Re: [GIT PULL] Please pull RDMA subsystem changes

From: Jason Gunthorpe
Date: Sun Apr 28 2019 - 19:49:49 EST


On Sun, Apr 28, 2019 at 09:59:56AM -0700, Linus Torvalds wrote:
> On Sun, Apr 28, 2019 at 4:52 AM Jason Gunthorpe <jgg@xxxxxxxxxxxx> wrote:
> >
> > Nothing particularly special here. There is a small merge conflict
> > with Adrea's mm_still_valid patches which is resolved as below:
>
> I still don't understand *why* you play the crazy VM games to begin with.
>
> What's wrong with just returning SIGBUS? Why does that
> rdma_umap_fault() not just look like this one-liner:
>
> return VM_FAULT_SIGBUS;
>
> without the crazy parts?

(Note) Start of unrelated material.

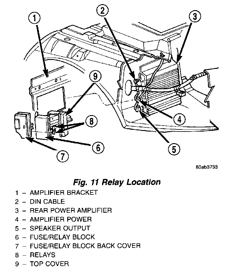 The relay is located in the trunk next to the stereo amplifier (Fig. 11). Check electrical terminals for corrosion and repair as necessary.

Nobody ever explained why you'd want to have
> that silly "let's turn it into a bogus anonymous mapping".

There was a big thread where I went over the use case with Andrea, but
I guess that was private..

It is for high availability - we have situations where the hardware
can fault and needs some kind of destructive recovery. For instance a
firmware reboot, or a VM migration.

In these designs there may be multiple cards in the system and the
userspace application could be using both. Just because one card
crashed we can't send SIGBUS and kill the application, that breaks the
HA design.

So.. the kernel makes the BAR VMA into a 'dummy' and sends an async
notification to the application. The use of the BAR memory by
userspace is all 'write only' so it doesn't really care. When it sees
the async notification it safely cleans up the userspace side of
things.

An more modern VM example of where this gets used is on VM systems
using SRIO-V pass through of a raw RDMA device. When it is time to
migrate the VM then the hypervisor causes the SRIO-V instance to fault
and be removed from the guest kernel, then migrates and attaches a new
RDMA SRIO-V instance. The user space is expected to see the failure,
maintain state, then recover onto the new device.

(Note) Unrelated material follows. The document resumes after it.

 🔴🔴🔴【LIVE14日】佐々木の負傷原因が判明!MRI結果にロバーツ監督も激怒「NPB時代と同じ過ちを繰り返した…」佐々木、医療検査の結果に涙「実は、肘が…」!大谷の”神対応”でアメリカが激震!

The only alternative that has come up would be to delay the kernel
side until the application cleans up and deletes the VMA, but people
generally don't like this as it degrades the recovery time and has the
usual problems with blocking the kernel on userspace.

When this was created I'm not sure people explored more creative ideas
like trying to handle/ignore the SIGBUS in userspace - unfortunately
it has been so long now that we are probably stuck doing this as part
of the UAPI.

I've been trying to make it less crufty over the last year based on
remarks from yourself and Andrea, but I'm still stuck with this basic
requirement that the VMA shouldn't fault or touch the BAR after the
hardware is released by the kernel.

Thanks,
Jason